Andre Maciel
Executive Vice President and Global Chief Financial Officer at Kraft Heinz
Sure. Thanks for the question. On private label, a few things. First of all, as we have been continuously reiterating our exposure to private label have reduced significantly after the diversion mid last year. So now the average market share in our portfolio is about 11%, wherein across food and beverage is 20%. So that were not impacted. Second, during the past three years, as part of our transformation, we have been redirecting a lot of our effort and energy around the core. So resources have moved there. We have been renovating the core in a very systematic way, so our portfolio is stronger. Third, the private label have been increasing the price together with the rest of the players. So as recent as the last four weeks, including already three weeks of October looking at sellout data, our sellout price is about 17% up, whereas private label is 16% up. So price gaps are widely preserved. You might have seen as well in one of the guidance that we provided that comparing Q2 to Q3 the price gap with private label remains the same. So we do not see any category where our price gap expanded versus private label except to catch up [Indecipherable] which honestly the interaction is limited, and we gained share in both of these categories. So yes, I think we feel good about that.
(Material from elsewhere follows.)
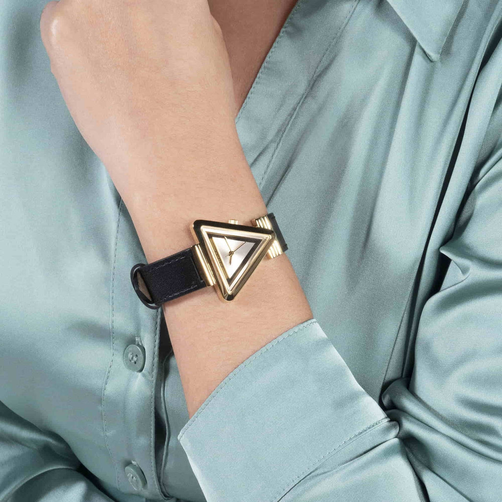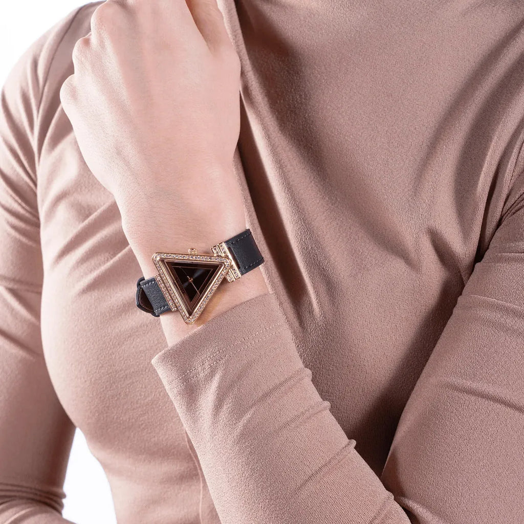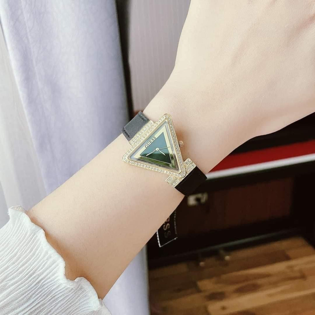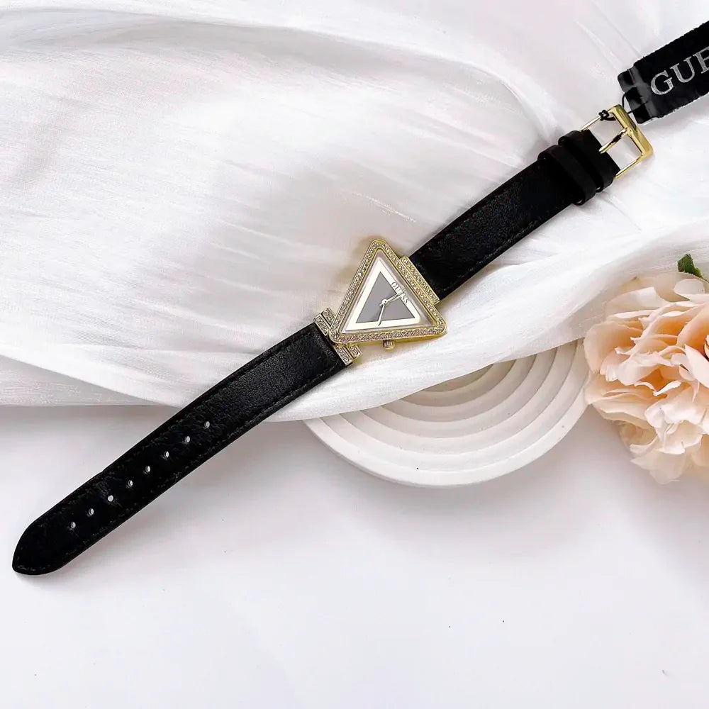 Classy and timeless, the GUESS Women's 34mm Gold PVD Quartz Watch GW0504L5 is a must-have accessory for any fashionista. This gorgeous watch features a stunning gold tone case and rhinestone embellished face, making it perfect for taking your look from day to night. The black dial colour, genuine leather strap, and strap buckle closure add a classic

We don't want to be even over optimistic that depending on how consumers eventually shift behavior in a very drastic way, things can change, but there is no indication of that as of right now. And honestly, I mean, despite all the environment, food is proving to be very resilient. The brands are being very resilient. And with [Indecipherable] that we use right now when I was here back in 2008, 2011, we only had to accelerate a shift in behavior, but unemployment starts to go up, which is far from the reality today.